Insulin is a hormone produced by the beta cell of islets of Langerhans in the pancreas. The most important function of insulin is control of glucose concentration in the blood when flowing through the pancreas. An increase in blood glucose concentration stimulates insulin secretion, whereas a decrease inhibits secretion. After a meal, rise in plasma glucose concentration stimulates insulin secretion, and the insulin stimulates entry of glucose into muscle and adipose tissue, as well as uptake of glucose by the liver. These effects reduce the blood concentration of glucose, thus removing the stimulus for insulin secretion, which goes back to its previous level (Vander, Sherman, & Luciano, 1994, p.608).
Diabetes can be due to a deficiency of insulin. In insulin-dependent diabetes mellitus (type 1), the hormone may completely absent from the islet of Langerhans and the plasma, so therapy with insulin is essential. In the past, insulin was extracted directly from the pancreas of cattle and pigs, but nowadays human insulin is used. Human insulin has an advantage of not causing immune response by the body, so it will cause less reaction at the injection site and less insulin may be required (Schernthaner G, 1993). But how human insulin can be synthesized in large amount? This can be achieved by using recombinant DNA technology.
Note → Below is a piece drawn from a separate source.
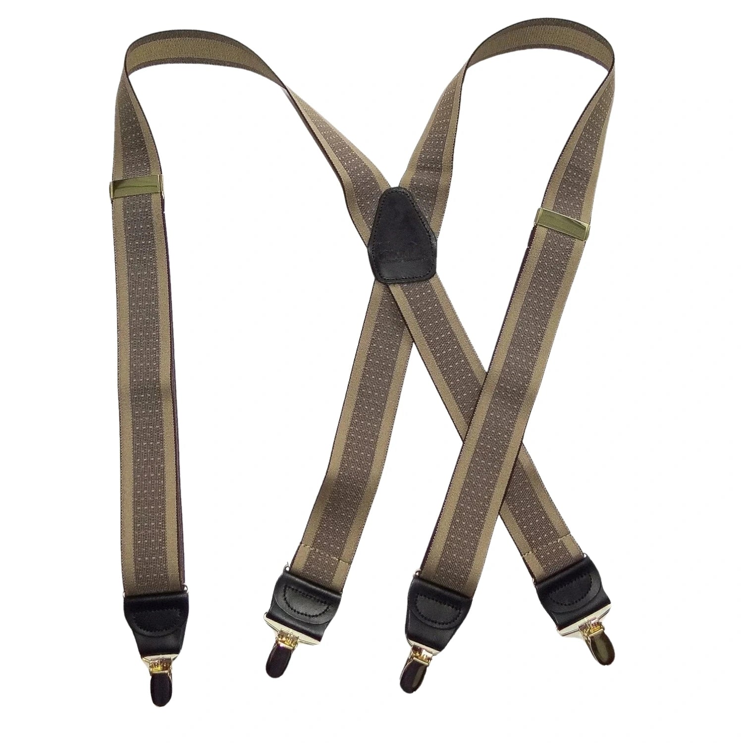 Holdup Suspender Company introduces a Jacquard Series clip-on suspenders with customer choices of Y-back or X-back crosspatch styles, or Gold or silver no-slip clip metallic finishes. These solid complementary tone on tone colorful jacquard weave suspenders. Black leather tapered no-slip clip holders and crosspatch embossed with Holdup logo make these a great choice for a tasteful office and party suspender. Choose from blended Cordovan Burgundy colors, Taupe and light tans to a Onyx black on black jacquard weave pattern. Click on color choices sold here. Now on sale here and you can purchase using your PayPal or Amazon account or Debit card and get free Freight offer at checkout.
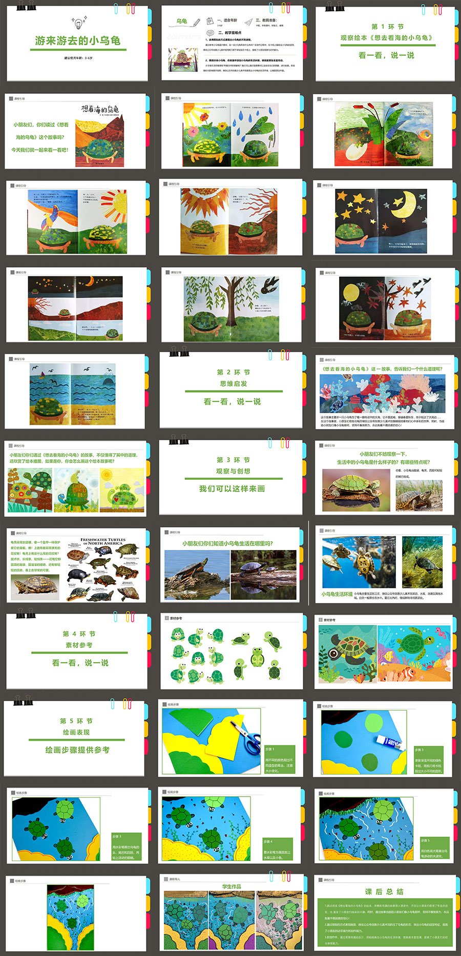 1、运用剪贴的方式表现出小乌龟的不同造型。

Before synthesizing human insulin, firstly we must know the chemical composition of this protein. Insulin is a small and simple protein. It consists of 51 amino acids, 30 of which constitute one polypeptide chain, and 21 of which comprise a second chain. The two chains are linked by a disulfide bond (Olsen, Ludvigsen, & Kaarsholm, 1998). The genetic code for insulin is found in the DNA at the short arm of the 11th chromosome (Harper, Ullrich, & Saunders, 1981).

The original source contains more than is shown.